Use the following data to estimate \(\Delta H_{\mathrm{f}}^{\circ}\) for barium bromide. $$ \mathrm{Ba}(s)+\mathrm{Br}_{2}(g) \longrightarrow \operatorname{BaBr}_{2}(s) $$ $$ \begin{array}{lr} \text { Lattice energy } & -1985 \mathrm{~kJ} / \mathrm{mol} \\ \text { First ionization energy of Ba } & 503 \mathrm{~kJ} / \mathrm{mol} \\ \text { Second ionization energy of Ba } & 965 \mathrm{~kJ} / \mathrm{mol} \\ \text { Electron affinity of } \mathrm{Br} & -325 \mathrm{~kJ} / \mathrm{mol} \\\ \text { Bond energy of } \mathrm{Br}_{2} & 193 \mathrm{~kJ} / \mathrm{mol} \\ \text { Enthalpy of sublimation of } \mathrm{Ba} & 178 \mathrm{~kJ} / \mathrm{mol} \end{array} $$

The Born-Haber cycle is a way to calculate the enthalpy of formation for an ionic compound by taking into account various energy changes involved in the reaction. In general, the cycle includes lattice energy, ionization energy, electron affinity, and bond energies.

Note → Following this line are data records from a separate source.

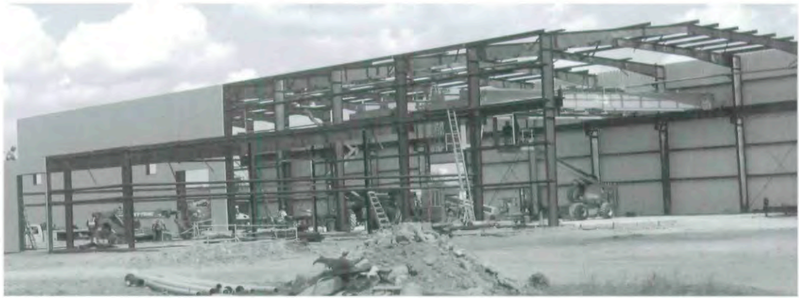
ShawCor Pipe Protection – new building expansion.

The establishment and execution of the BRE program has not only been a journey of challenges, but it has been a fulfilling journey as well. The BRE team genuinely enjoys helping our businesses; it is always a pleasure seeing business owners fulfill their business goals and dreams.
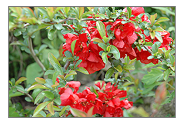
Texas Scarlet Flowering Quince flowers
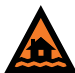
Watch and Act
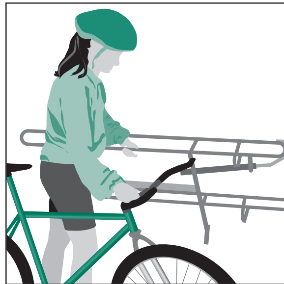
Lowering the bike rack.
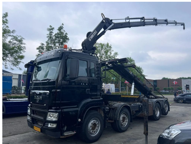
MAN TGS 35.440 8X2-4 + HIAB 220C-5 REMOTE + CABLE L... Referentienummer: MA055351
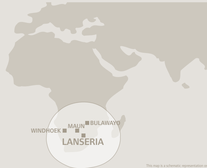
PILATUS PC-12 RANGE OUT OF LANSERIA

*based on average winds from doors shut to doors open
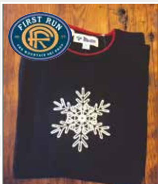
Meister Women's Noel Sweater Brimming with holiday spirit!
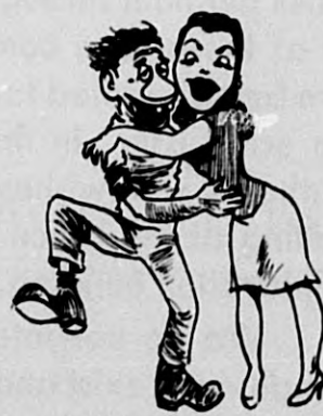
INFORMAL DANCE 9:00 P.M.
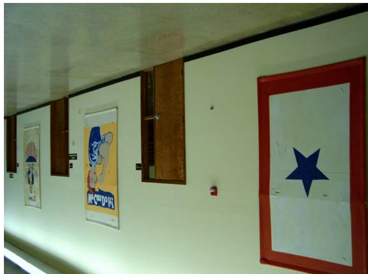
Uncle Sam Wants You, Rosie the Riveter, and Blue Star Banner in the Auxiliary Administration Building lobby

Call the VA office if you can participate in this program.
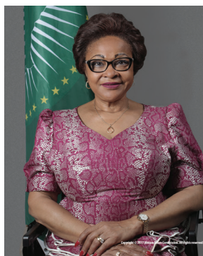
H.E. Amb. Josefa Sacko

African Union Commissioner for Agriculture, Rural Development, Blue Economy and Sustainable Environment (ARBE)
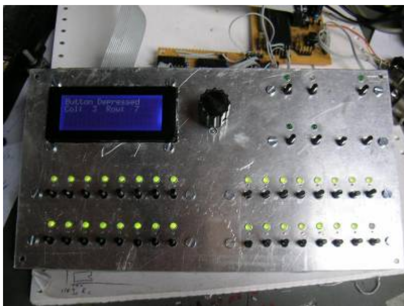
dseq32 by mess. Hooray!
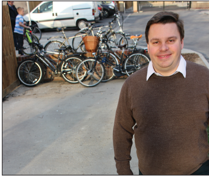
Cycle parking: it's the city council's turn to do its bit at the new pub site.

The new Queen Edith pub on Wulfstan Way has its own cycle rack and plans to install more cycle parking soon. They also paid substantial cash to the council as part of a so-called 'section 106' settlement. It was expected that the city council would provide further cycle parking next to the recycling bins but there seems to have been no progress. It would be helpful if the councillor elected on 7 May could get to grips with this.
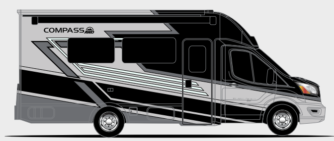
TRUE NORTH 4 FULL-BODY PAINT
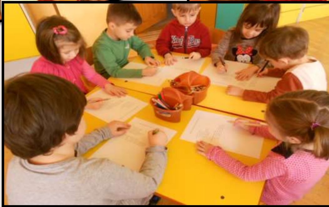
Researching from the school library to improve the environment
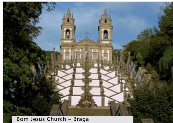
Bom Jesus Church – Braga

Visit churches and monuments of incomparable beauty, a rich popular culture, music, folklore, stories and an unparalleled handcraft. Know the Portuguese Way to Santiago, the way done by the pilgrims who flock to Santiago de Compostela, since the 9th century, through Minho.
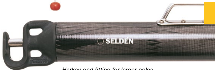
Harken end fitting for larger poles.

Weight comparison – aluminium and carbon spinnaker poles (equal strength). Aluminium spinnaker pole Section 99/99, length 5150 mm, weight 16.9 kg. Carbon spinnaker pole Section 102/102, length 5150 mm, weight 9 kg.
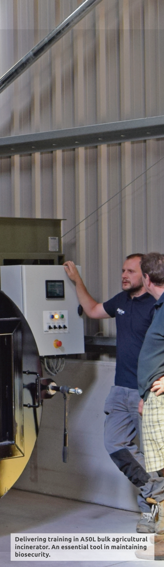
Delivering training in A50L bulk agricultural incinerator. An essential tool in maintaining biosecurity.
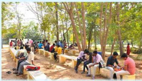
Boys Waiting Lounge
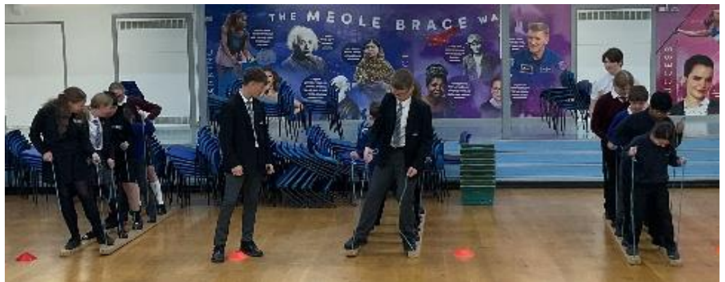
Pictured are members of TrustEd Parliament carrying out team building exercises.

Our students say that together, we can make a lasting impact!
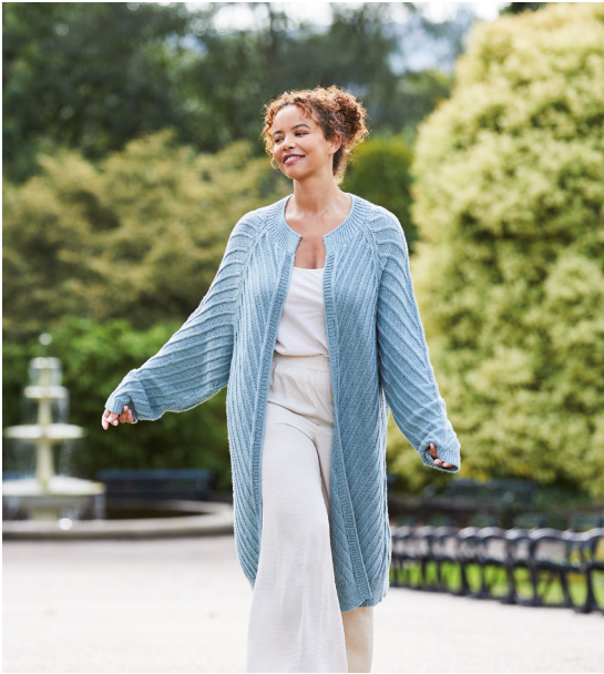
Sample size 86-97 cm (34-38")
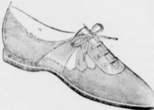
BUSTER BROWN A to D Black Washable Nylon Velvet Black Smooth Leather 6.50 6.99 and 7.99 4 1-2 to 6 6 1-2 to 8 8 1-2 to 4
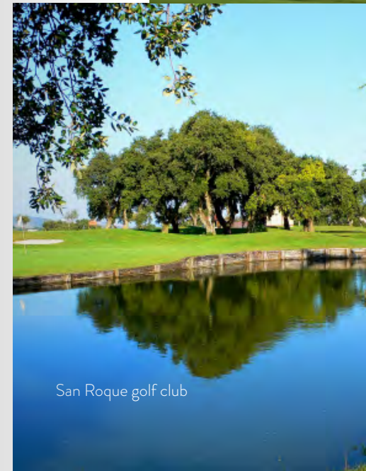
San Roque golf club

La Reserva Club in Sotogrande is just 5 minutes away and has many facilities on offer including the Golf Course, Horse Riding and the original 'The Beach', a fantastic resort beside the Golf Course which includes a restaurant, white sandy beach and lagoon for sports activities etc.
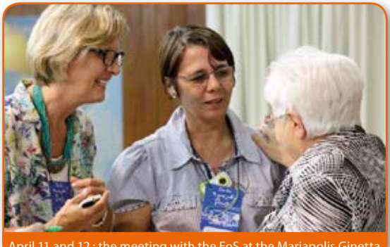
April 11 and 12: the meeting with the EoS at the Mariapolis Ginetta
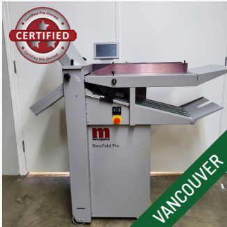
Morgana Docufold Pro $10,995 $9,995 Automated high-speed air feed folder w/perf

In our case, the Born-Haber cycle for barium bromide can be represented as follows: 1. Enthalpy of sublimation of Ba(s): \(Ba_{(s)} \rightarrow Ba_{(g)}\) 2. Bond energy of Br2(g): \(\frac{1}{2}Br_{2(g)} \rightarrow Br_{(g)}\) 3. First ionization energy of Ba(g): \(Ba_{(g)} \rightarrow Ba^{+}_{(g)} + e^-\) 4. Second ionization energy of Ba(g): \(Ba^{+}_{(g)} \rightarrow Ba^{2+}_{(g)} + e^-\) 5. Electron affinity of Br(g): \(Br_{(g)} + e^- \rightarrow Br^{-}_{(g)}\) 6. Formation of BaBr2(s) from its ions (Lattice energy): \(Ba^{2+}_{(g)} + 2Br^{-}_{(g)} \rightarrow BaBr_{2(s)}\) Now, let's calculate the enthalpy of formation using the given data.

To find the enthalpy of formation, we need to sum up the energy changes in each step of the Born-Haber cycle. ΔHf°(BaBr2) = ΔHsub(Ba) + 0.5 * Bond energy(Br2) + Ionization energy(Ba) + Electron affinity(Br) + Lattice energy

Now we'll insert the given values into the equation: ΔHf°(BaBr2) = 178 kJ/mol + 0.5 * 193 kJ/mol + (503 kJ/mol + 965 kJ/mol) - 2 * 325 kJ/mol - 1985 kJ/mol

Now calculate the sum: ΔHf°(BaBr2) = 178 + 96.5 + 1468 - 650 - 1985 ΔHf°(BaBr2) = -892.5 kJ/mol The standard enthalpy of formation for barium bromide (BaBr2) is approximately -892.5 kJ/mol.